The -framework AppKit as needed as I'm building on a Mac. Internally PDFium uses C++, which is why -lstdc++ is required on the link line.


Loading a Document

One of the main objects in PDFium is the FPDF_DOCUMENT. The object will allow access to information from PDFs. There are four ways to to create a FPDF_DOCUMENT. FPDF_CreateNewDocument will create an empty object which can be used to create PDFs. For more information see the PDF Editing Guide.

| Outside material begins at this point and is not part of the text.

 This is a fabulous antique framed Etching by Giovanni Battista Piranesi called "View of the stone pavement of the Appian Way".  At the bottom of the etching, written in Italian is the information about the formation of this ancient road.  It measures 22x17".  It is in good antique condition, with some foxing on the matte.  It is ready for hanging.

Loading an existing document is done in one of three ways: loading from file, loading from memory, or loading via a custom loader. In all three cases you'll provide a FPDF_BYTESTRING which is the password needed to unlock the PDF, if encrypted. If the file is not encrypted the password can be NULL.

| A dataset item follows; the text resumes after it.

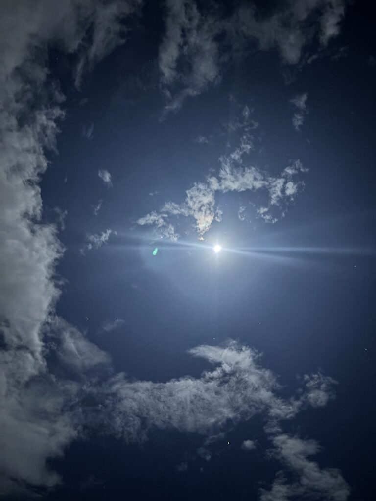 天気が良く、月や星がめちゃくちゃ綺麗に見えます。この時の気温は13℃ほどでしたが、海風の影響もあって体感温度が低く、めちゃくちゃ寒かったです。

The two simplest methods are loading from file and loading from memory. To load from file, you'll provide the name of the file to open, including extension. For loading from memory you'll provide a data buffer containing the PDF and its length.

FPDF_STRING test_doc = "test_doc.pdf";
FPDF_DOCUMENT doc = FPDF_LoadDocument(test_doc, NULL);
if (!doc) {
  return 1;
}

FPDF_CloseDocument(doc);

In all three cases, FPDF_LoadDocument, FPDF_LoadMemDocument, FPDF_LoadCustomDocument a return of NULL indicates an error opening the document or that the file was not found.

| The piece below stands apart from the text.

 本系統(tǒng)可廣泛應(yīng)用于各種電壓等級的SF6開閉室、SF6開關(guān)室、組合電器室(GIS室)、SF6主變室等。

You can use FPDF_GetLastError to determine what went wrong.

#include <fpdfview.h>
#include <unistd.h>
#include <stdio.h>

int main() {
  FPDF_LIBRARY_CONFIG config;
  config.version = 2;
  config.m_pUserFontPaths = NULL;
  config.m_pIsolate = NULL;
  config.m_v8EmbedderSlot = 0;

  FPDF_InitLibraryWithConfig(&config);

  FPDF_DOCUMENT doc = FPDF_LoadDocument(test_doc, NULL);
  if (!doc) {
    unsigned long err = FPDF_GetLastError();
    fprintf(stderr, "Load pdf docs unsuccessful: ");
    switch (err) {
      case FPDF_ERR_SUCCESS:
        fprintf(stderr, "Success");
        break;
      case FPDF_ERR_UNKNOWN:
        fprintf(stderr, "Unknown error");
        break;
      case FPDF_ERR_FILE:
        fprintf(stderr, "File not found or could not be opened");
        break;
      case FPDF_ERR_FORMAT:
        fprintf(stderr, "File not in PDF format or corrupted");
        break;
      case FPDF_ERR_PASSWORD:
        fprintf(stderr, "Password required or incorrect password");
        break;
      case FPDF_ERR_SECURITY:
        fprintf(stderr, "Unsupported security scheme");
        break;
      case FPDF_ERR_PAGE:
        fprintf(stderr, "Page not found or content error");
        break;
      default:
        fprintf(stderr, "Unknown error %ld", err);
    }
    fprintf(stderr, ".\n");
    goto EXIT;
  }

  FPDF_CloseDocument(doc);
EXIT:
  FPDF_DestroyLibrary();
  return 0;

While the above are simple, the preferable technique is to use a custom loader. This makes it possible to load pieces of the document only as needed. This is useful for loading documents over the network.